Once you have an allo-SCT, the potential long-term complications (eg, graft-versus-host disease, immunosuppression, and infection) never go away. It is easy to say, “The patient can be cured with this transplant,” but this does not consider the fact that the patient is still going to require a lot of follow-up care. In the short-term, I would say that the risk of death from allo-SCT is higher than that from being on a complement inhibitor. For patients who live in a country where complement inhibitor therapy is not available, allo-SCT can, in principle, be performed with a matched related donor, a matched unrelated donor, or a haploidentical donor and reduced-intensity conditioning to decrease the associated risks. However, here in the United States, I would be quite reluctant to perform a transplant in patients with classical hemolytic PNH.

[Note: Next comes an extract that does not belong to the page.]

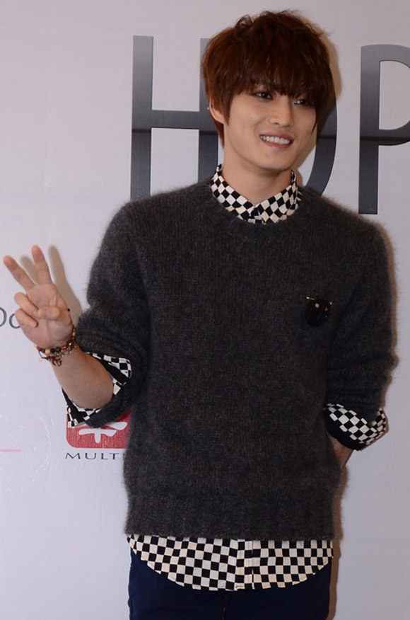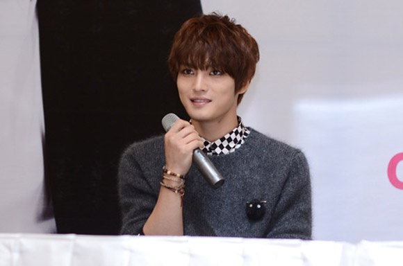 | Jae Joong dí dỏm trả lời tại buổi họp báo. |

The patients with PNH who will need allo-SCT are more likely going to be the ones who have PNH in the context of a bone marrow failure syndrome (eg, patients with aplastic anemia who do not respond to immunosuppressive therapy, respond to immunosuppressive therapy but then relapse, or have a high risk of transformation to myelodysplastic syndromes [MDS] or acute myeloid leukemia). Also, patients with high-risk MDS who have a PNH clone will be considered for allo-SCT. Further, patients who have an evolving clone, meaning that they are likely to develop MDS, will also be considered for a transplant because of what is happening to their clone, which is potentially much more life-threatening than the actual presence of PNH, as PNH may be a small component of their disease.

References

Bouwman HB, Guchelaar HJ. The efficacy and safety of eculizumab in patients and the role of C5 polymorphisms. Drug Discov Today. 2024;29(9):104134. doi:10.1016/j.drudis.2024.104134

Frieri C, Eikema DJ Sr, Tuffnell J, et al. Improved outcomes in paroxysmal nocturnal hemoglobinuria patients undergoing allogeneic hematopoietic stem cell transplantation in 2011-2020: a retrospective EBMT-SAAWP study. Blood. 2024;144(suppl 1):305. doi:10.1182/blood-2024-194716

Hillmen P, Horneff R, Yeh M, Kolev M, Deschatelets P. Navigating the complement pathway to optimize PNH treatment with pegcetacoplan and other currently approved complement inhibitors. Int J Mol Sci. 2024;25(17):9477. doi:10.3390/ijms25179477

Li Z, Zeng D, Fu R, Zhang X. Progress in clinical research on allogeneic hematopoietic stem cell transplantation for the treatment of paroxysmal nocturnal hemoglobinuria. Medicine Plus. 2025;2(1):100070. doi:10.1016/j.medp.2025.100070

Nishimura JI, Usuki K, Ramos J, et al. Crovalimab for treatment of patients with paroxysmal nocturnal haemoglobinuria and complement C5 polymorphism: subanalysis of the phase 1/2 COMPOSER study. Br J Haematol. 2022;198(3):e46-e50. doi:10.1111/bjh.18274

Sakurai K, Saito K, Hatta S, et al. Successful haploidentical hematopoietic stem cell transplantation for paroxysmal nocturnal hemoglobinuria with severe pancytopenia developed after long-term aplastic anemia treatment. Clin Case Rep. 2024;12(5):e8832. Published correction appears in Clin Case Rep. 2025;13(9):e70838.